Write out exactly the lines below starting at the one containing "When I asked" and ending at the one containing "ダウ 週間上昇ランキングトップ10". Omit every picture.
......
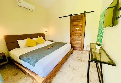 Adjacent to the main building is a second structure housing 4 more bedrooms, each with its own bathroom. This building also boasts a roofed terrace, providing another spot for guests to unwind and soak in the serene atmosphere.
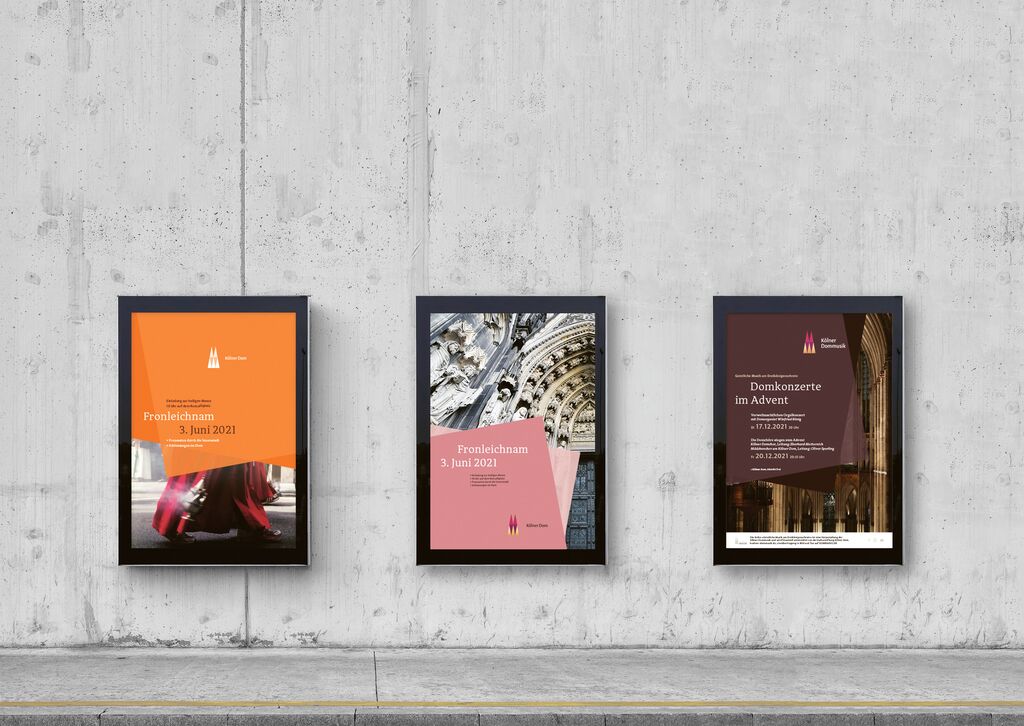 Seven isosceles triangles unite to form the new logo of the Cologne Cathedral, with the three golden triangles at the base, in the shape of a crown, symbolising the shrine of the Three Magi around which the cathedral was built. The upper triangles represent the two towers of the west facade and their reflection in the Rhine. The new word marks combine the clarity of a sans serif grotesque font with the sensibility of a Gothic minuscule, thus referring to the architectural style of the cathedral.
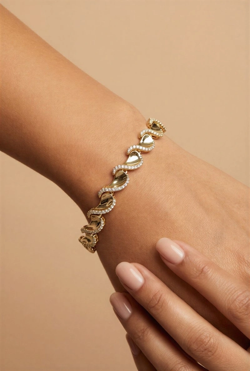 Taş Detay Sarmal Geçiş Detay Gold Altın Kaplama Bileklik
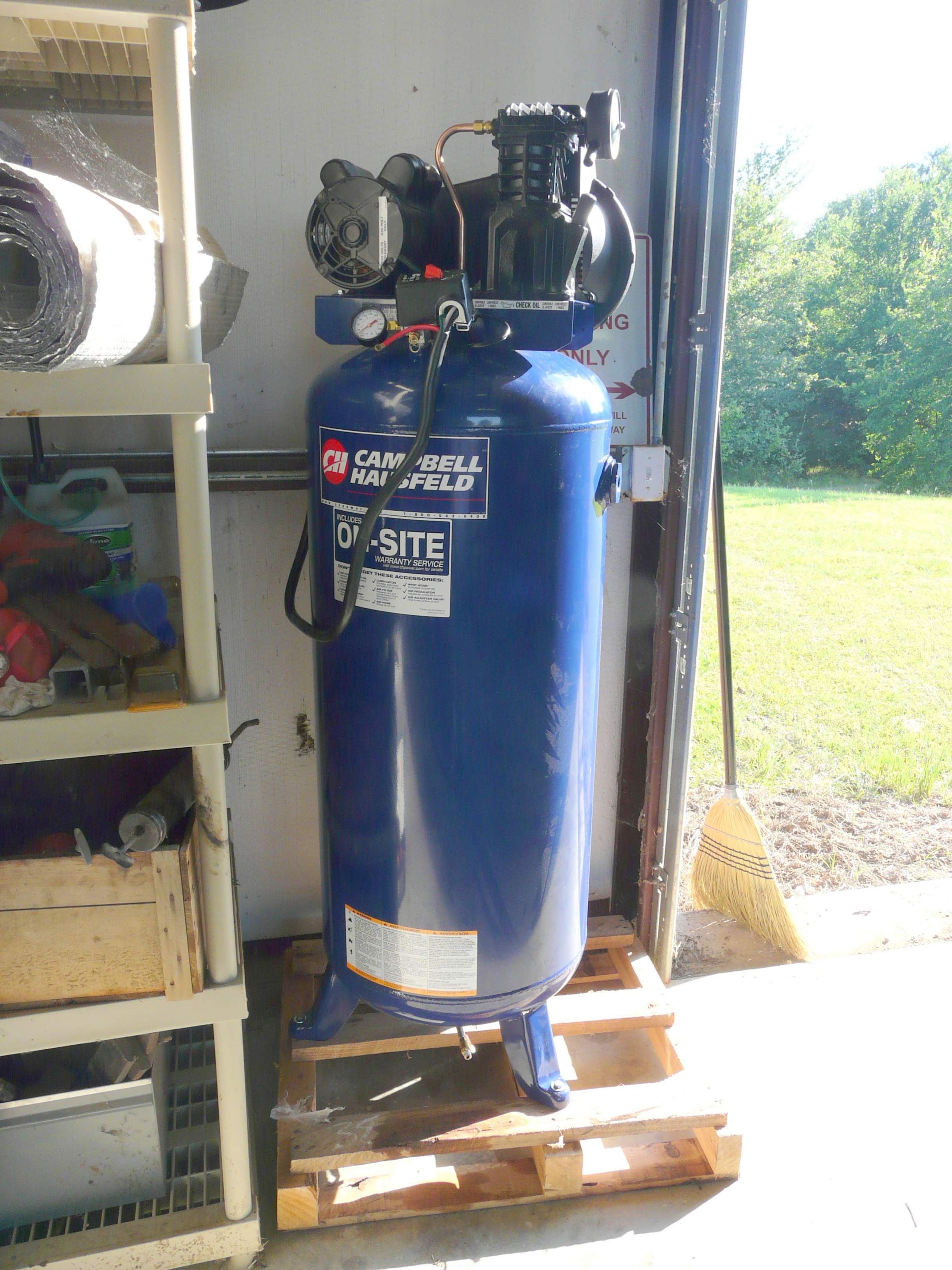 Spent the day picking the Campbell Hausfeld 60 gal compressor at Tractor Supply today. Turns out they didn't have a regulator nor any kind of wiring so I had to go around town picking up everything I needed.
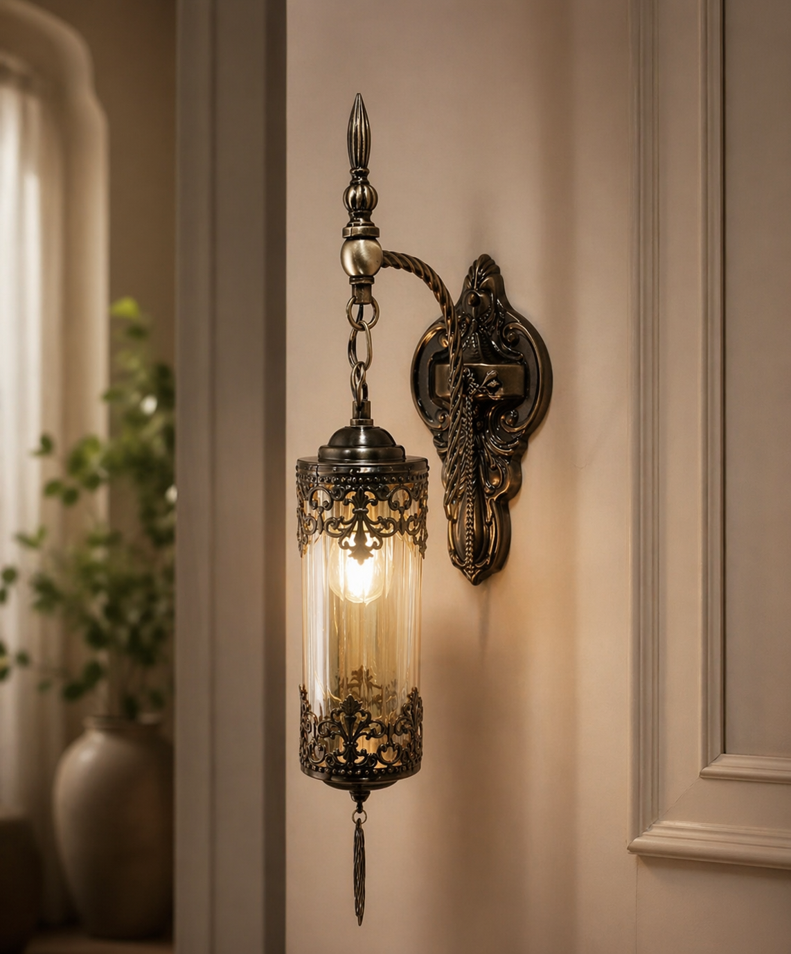 This wall-mounted hanging lantern features a beautifully carved antique bracket and a suspended cylindrical light. Designed for classic interiors, it provides a warm glow while adding architectural elegance to walls and corridors.
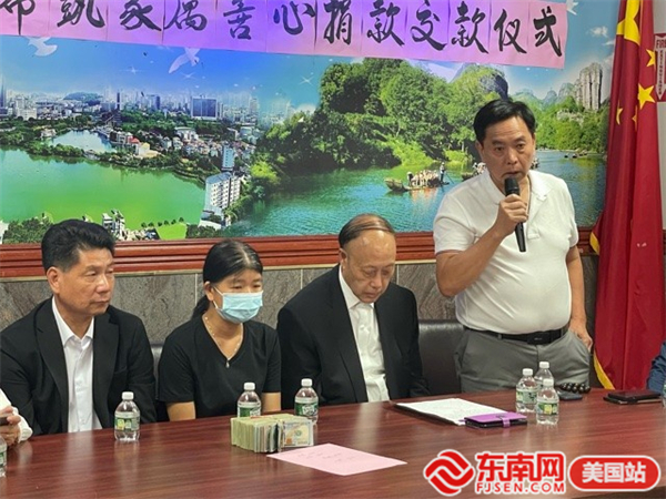东南网美国8月2日讯(本网特约记者 纽约墨人)当地时间7月31日,为事故身亡者邹希凯家属善心捐款交接仪式在美国福建同乡会会厅举行,本次活动由美国福建同乡会常务副主席、美国长乐南乡联合总会主席刘爱华,美国长乐公会名誉主席张子阔,美国福建商会会长林慈飞等发起,将募集善款 20800美元交予其家属。
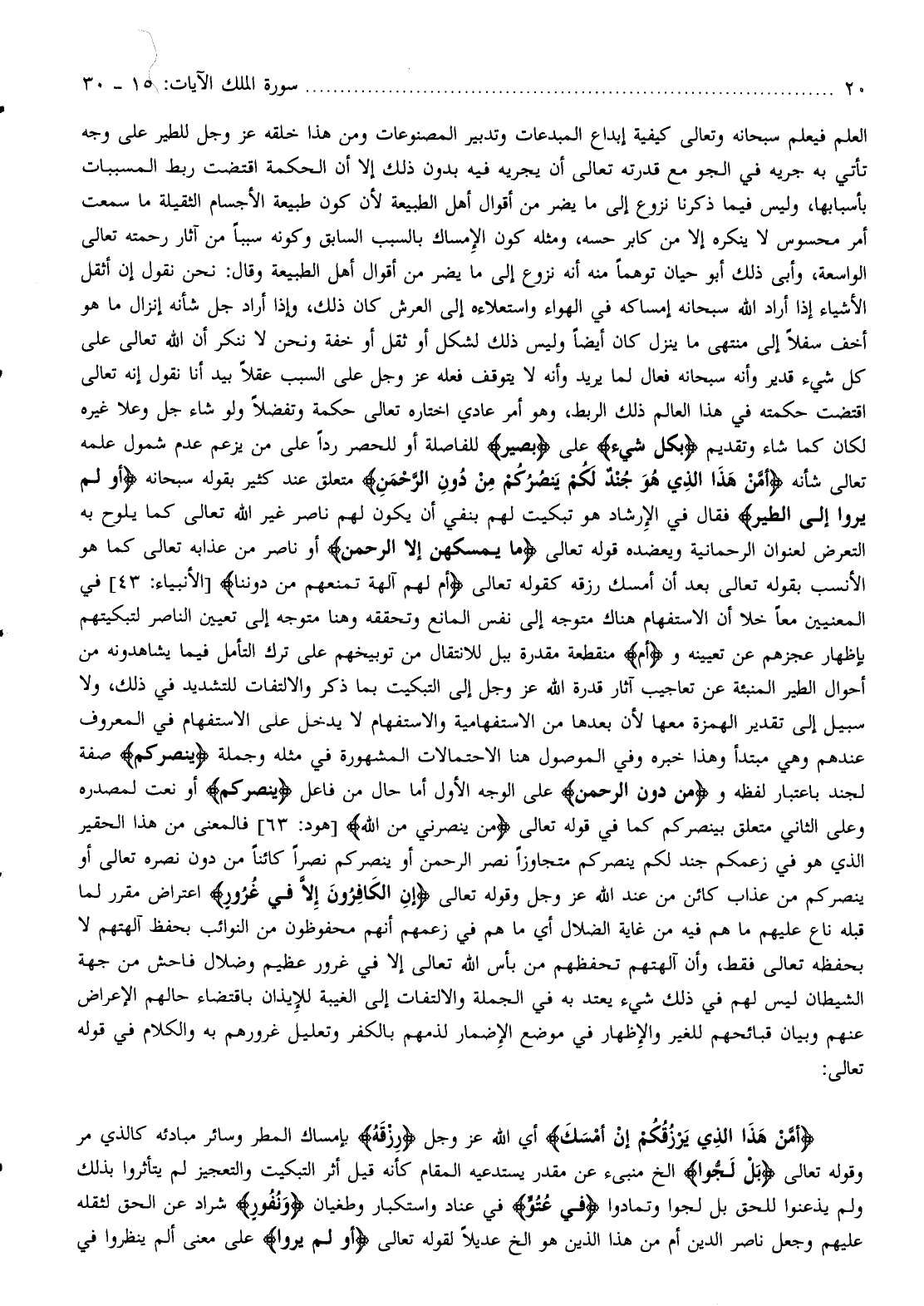 العلم فيعلم سبحانه وتعالى كيفية إبداع المبدعات وتدبير المصنوعات ومن هذا خلقه عز وجل للطير على وجه تأتي به جريه في الجو مع قدرته تعالى أن يجريه فيه بدون ذلك إلا أن الحكمة اقتضت ربط المسببات بأسبابها، وليس فيما ذكرنا نزوع إلى ما يضر من أقوال أهل الطبيعة لأن كون طبيعة الأجسام الثقيلة ما سمعت أمر محسوس لا ينكره إلا من كابر حسه، ومثله كون الإمساك بالسبب السابق وكونه سببا من آثار رحمته تعالى الواسعة، وأبى ذلك أبو حيان توهما منه أنه نزوع إلى ما يضر من أقوال أهل الطبيعة وقال: نحن نقول إن أثقل الأشياء إذا أراد الله سبحانه إمساكه في الهواء واستعلاءه إلى العرش كان ذلك، وإذا أراد جل شأنه إنزال ما هو أخف سفلا إلى منتهى ما ينزل كان أيضا وليس ذلك لشكل أو ثقل أو خفة ونحن لا ننكر أن الله تعالى على كل شيء قدير وأنه سبحانه فعال لما يريد وأنه لا يتوقف فعله عز وجل على السبب عقلا بيد أنا نقول إنه تعالى اقتضت حكمته في هذا العالم ذلك الربط، وهو أمر عادي اختاره تعالى حكمة وتفضلا ولو شاء جل وعلا غيره لكان كما شاء وتقديم بِكُلِّ شَيْءٍ على بَصِيرٌ للفاصلة أو للحصر ردا على من يزعم عدم شمول علمه تعالى شأنه أَمَّنْ هذَا الَّذِي هُوَ جُنْدٌ لَكُمْ يَنْصُرُكُمْ مِنْ دُونِ الرَّحْمنِ متعلق عند كثير بقوله سبحانه أَوَلَمْ يَرَوْا إِلَى الطَّيْرِ فقال في الإرشاد هو تبكيت لهم بنفي أن يكون لهم ناصر غير الله تعالى كما يلوح به التعرض لعنوان الرحمانية ويعضده قوله تعالى ما يُمْسِكُهُنَّ إِلَّا الرَّحْمنُ أو ناصر من عذابه تعالى كما هو الأنسب بقوله تعالى بعد أن أمسك رزقه كقوله تعالى أَمْ لَهُمْ آلِهَةٌ تَمْنَعُهُمْ مِنْ دُونِنا [الأنبياء: 43] في المعنيين معا خلا أن الاستفهام هناك متوجه إلى نفس المانع وتحققه وهنا متوجه إلى تعيين الناصر لتبكيتهم بإظهار عجزهم عن تعيينه و (أم) منقطعة مقدرة ببل للانتقال من توبيخهم على ترك التأمل فيما يشاهدونه من أحوال الطير المنبئة عن تعاجيب آثار قدرة الله عز وجل إلى التبكيت بما ذكر والالتفات للتشديد في ذلك، ولا سبيل إلى تقدير الهمزة معها لأن بعدها من الاستفهامية والاستفهام لا يدخل على الاستفهام في المعروف عندهم وهي مبتدأ وهذا خبره وفي الموصول هنا الاحتمالات المشهورة في مثله وجملة يَنْصُرُكُمْ صفة لجند باعتبار لفظه ومِنْ دُونِ الرَّحْمنِ على الوجه الأول أما حال من فاعل يَنْصُرُكُمْ أو نعت لمصدره وعلى الثاني متعلق بينصركم كما في قوله تعالى مَنْ يَنْصُرُنِي مِنَ اللَّهِ [هود: 63] فالمعنى من هذا الحقير الذي هو في زعمكم جند لكم ينصركم متجاوزا نصر الرحمن أو ينصركم نصرا كائنا من دون نصره تعالى أو ينصركم من عذاب كائن من عند الله عز وجل وقوله تعالى إِنِ الْكافِرُونَ إِلَّا فِي غُرُورٍ اعتراض مقرر لما قبله ناع عليهم ما هم فيه من غاية الضلال أي ما هم في زعمهم أنهم محفوظون من النوائب بحفظ آلهتهم لا بحفظه تعالى فقط، وأن آلهتهم تحفظهم من بأس الله تعالى إلا في غرور عظيم وضلال فاحش من جهة الشيطان ليس لهم في ذلك شيء يعتد به في الجملة والالتفات إلى الغيبة للإيذان باقتضاء حالهم الإعراض عنهم وبيان قبائحهم للغير والإظهار في موضع الإضمار لذمهم بالكفر وتعليل غرورهم به والكلام في قوله تعالى:
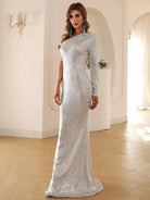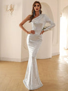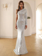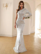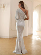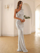 للنساء - فستان حفلة موسيقية بكتف واحد مزين بالترتر وحاشية حورية البحر
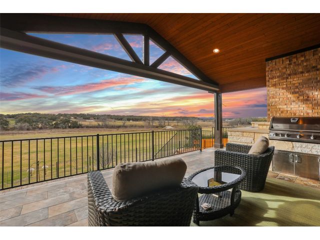Welcome to your dream home nestled in the picturesque, master-planned community of Caliterra in Dripping Springs,TX! This stunning 4-bedroom + study is the perfect blend of luxury, comfort & natural beauty just outside the door. This particular homesite offers a lifestyle of unparalleled nature & convenience. The spacious living room features a fireplace, high ceilings, oversized slider + fixed windows allowing natural light to pour in & leading to the outdoor space that invites you to embrace the breathtaking views of Onion Creek's greenbelt with custom, remote-controlled roller shades to ensure privacy & comfort. The chef's kitchen includes an expansive island, built-in appliances & a walk-in pantry. The 2 dining areas seamlessly connect to the kitchen, creating a perfect flow for indoor-outdoor entertaining. Step outside to the impressive outdoor living space where you'll be enchanted by the panoramic, exclusive views of Onion Creek & delighted by the finishes including tongue & groove detail in the soaring ceiling & an outdoor kitchen complete with a sink, grill & built-in smoker. In the primary bedroom the spa bath is a sanctuary of relaxation featuring a generous soaking tub, stunning herringbone tile in a large walk-in shower, 2 generous closets w/ built-ins, separate sink areas + a dedicated vanity space. The unique layout of this home offers versatility & privacy with 1 bedroom perfectly situated for a study, guest or living room & the primary bedroom tucked away in the back for ultimate tranquility. One of the secondary bedrooms offers an ensuite bathroom & all bedrooms have walk in closets. This home is equipped with modern conveniences including garage epoxy coating & a 240 installed for an electric car charger. Beyond your doorstep, Caliterra boasts the best amenities: The Front Porch, Hall, Grove, Cove pool complex, Treehouse, Back 40, Dock, Adventure Barn, Stage & more! Hike & bike trails showcase the careful preservation of the surrounding nature
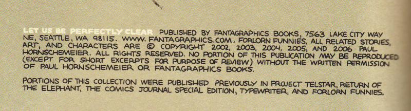 Disclose Notes: Portions of this collection were published previously in the Chicago Reader, Chunklet Magazine, Forlorn Funnies, Project Telstar, Return of the Elephant, The Comics Journal Special Edition, and Typewriter.
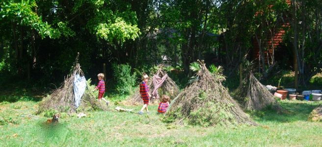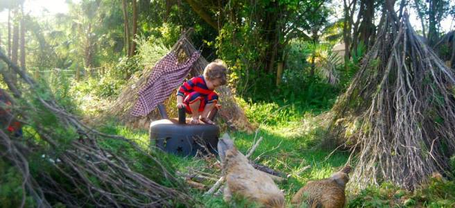 When I asked him about it he responded, “I am a pioneer boy in my heart today. I want to only be in this tree with my thoughts and imagine whatever I want. I think its the best way to play.” Little by little, his brothers joined him. When we arrived home, they quickly changed clothes and headed outdoors again; eager to collect eggs and mushrooms, scouting for places to build a log cabin, gathering pinecones and jasmine flowers to trade with neighboring Indian villages.
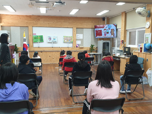 유치원을 비롯해 전교생 13명이 모두 참여한 행사에서는 캠페인에 앞서 우리가 직접 체험하고 있는 지구온난화로 인한 기후위기 현상들을 찾아보고 지구온난화의 원인과 실천 방법들을 소개하는 영상을 통해 기후위기 대응 교육을 실시했다.
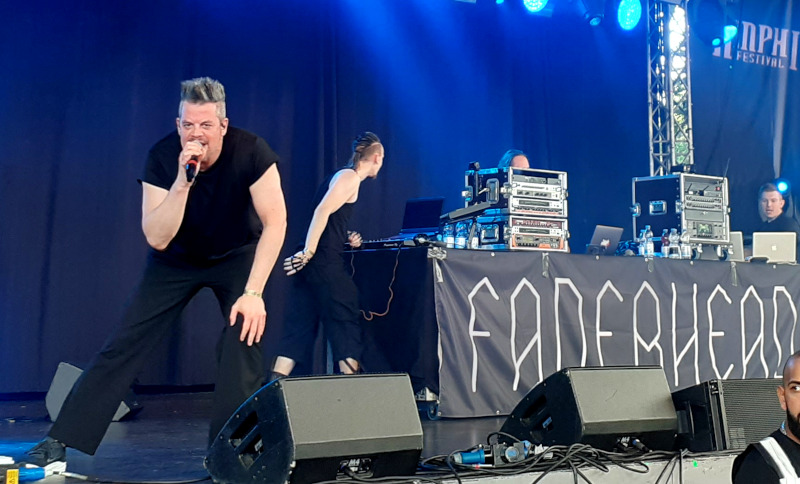 Siettem át a nagyszínpadra, ahol a szintén hamburgi Sami Mark Yahya projektje, a Faderhead lépett fel. Számos stílust ötvözött, köztük az aggrotech-et, az elektropop-ot és a house-t. Míg más bandák azon aggódnak, hogy nappal játszanak, Sami élvezte a sok ismerős arcot, akiket nem lát olyan jól a klubban. Bármennyire is agresszívak néha a hangok, annyira barátságos és humoros volt az énekes a színpadon, miközben bemutatta a már említett súlyosabb darabokat és dallamos pillanatokat. Változatos és ritmusos dalaival („Generation Black”, „Tanz Zwo Drei Vier”, „No Gods, No Flags, No Bullshit”, „All Black Everything”, Too Dead For Life”) igazán felpörgették a közönséget, ebben segítségére volt a három szintis közül kettő is, akik hergelték és tapsolásra, táncolásra ösztönöztek mindenkit. A közel egy órás show maradandó nyomot hagyott a rajongók lelkében. Miután jól befészkeltem magam az első sorba, onnan már nem mozdultam, így a kisterem további bandái sajnos kiestek nekem.
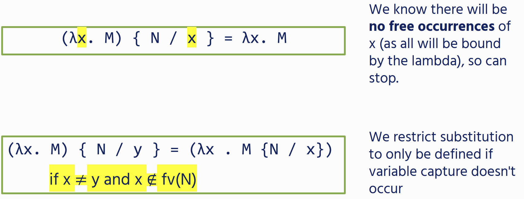 M {V / x} : Replace all free occurrences of x in term M with value V
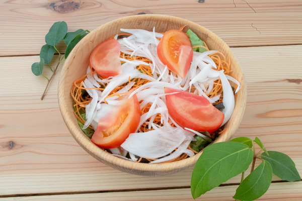 「春の新玉ねぎサラダ」は、辛味が少なく甘みが非常に強い、新玉ねぎが主役のフレッシュサラダ。オリジナルドレッシングで味わう。
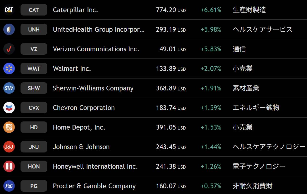 ダウ 週間上昇ランキングトップ10
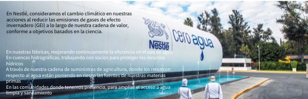 En Nestlé, nos preocupamos por el agua y centramos nuestros esfuerzos y recursos en cuatro áreas clave en las que esto es primordial: En nuestras fábricas, mejorando continuamente la eficiencia en el uso de agua En cuencas hidrográficas, trabajando con socios para proteger los recursos hídricos A través de nuestra cadena de suministros de agricultura, donde los retos con respecto al agua están poniendo en riesgo las fuentes de nuestras materias primas En las comunidades donde tenemos presencia, para ampliar el acceso a agua limpia y saneamiento
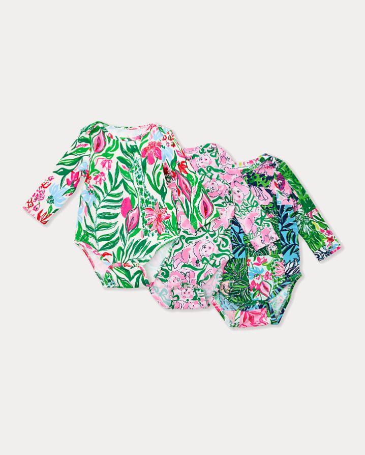 • Infant gift set featuring 3 long sleeve bodysuits with snap closures.
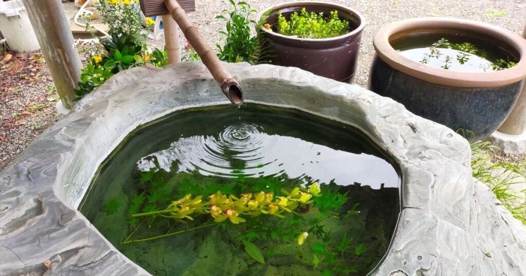 手水舎には草花が浮かべられていて、見ているだけで涼やかな気持ちになる。
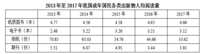 A、2013年至2017年我國成年國民人均電子書閱讀量逐年上升
......
**Task output:**
 When I asked him about it he responded, “I am a pioneer boy in my heart today. I want to only be in this tree with my thoughts and imagine whatever I want. I think its the best way to play.” Little by little, his brothers joined him. When we arrived home, they quickly changed clothes and headed outdoors again; eager to collect eggs and mushrooms, scouting for places to build a log cabin, gathering pinecones and jasmine flowers to trade with neighboring Indian villages.
 유치원을 비롯해 전교생 13명이 모두 참여한 행사에서는 캠페인에 앞서 우리가 직접 체험하고 있는 지구온난화로 인한 기후위기 현상들을 찾아보고 지구온난화의 원인과 실천 방법들을 소개하는 영상을 통해 기후위기 대응 교육을 실시했다.
 Siettem át a nagyszínpadra, ahol a szintén hamburgi Sami Mark Yahya projektje, a Faderhead lépett fel. Számos stílust ötvözött, köztük az aggrotech-et, az elektropop-ot és a house-t. Míg más bandák azon aggódnak, hogy nappal játszanak, Sami élvezte a sok ismerős arcot, akiket nem lát olyan jól a klubban. Bármennyire is agresszívak néha a hangok, annyira barátságos és humoros volt az énekes a színpadon, miközben bemutatta a már említett súlyosabb darabokat és dallamos pillanatokat. Változatos és ritmusos dalaival („Generation Black”, „Tanz Zwo Drei Vier”, „No Gods, No Flags, No Bullshit”, „All Black Everything”, Too Dead For Life”) igazán felpörgették a közönséget, ebben segítségére volt a három szintis közül kettő is, akik hergelték és tapsolásra, táncolásra ösztönöztek mindenkit. A közel egy órás show maradandó nyomot hagyott a rajongók lelkében. Miután jól befészkeltem magam az első sorba, onnan már nem mozdultam, így a kisterem további bandái sajnos kiestek nekem.
 M {V / x} : Replace all free occurrences of x in term M with value V
 「春の新玉ねぎサラダ」は、辛味が少なく甘みが非常に強い、新玉ねぎが主役のフレッシュサラダ。オリジナルドレッシングで味わう。
 ダウ 週間上昇ランキングトップ10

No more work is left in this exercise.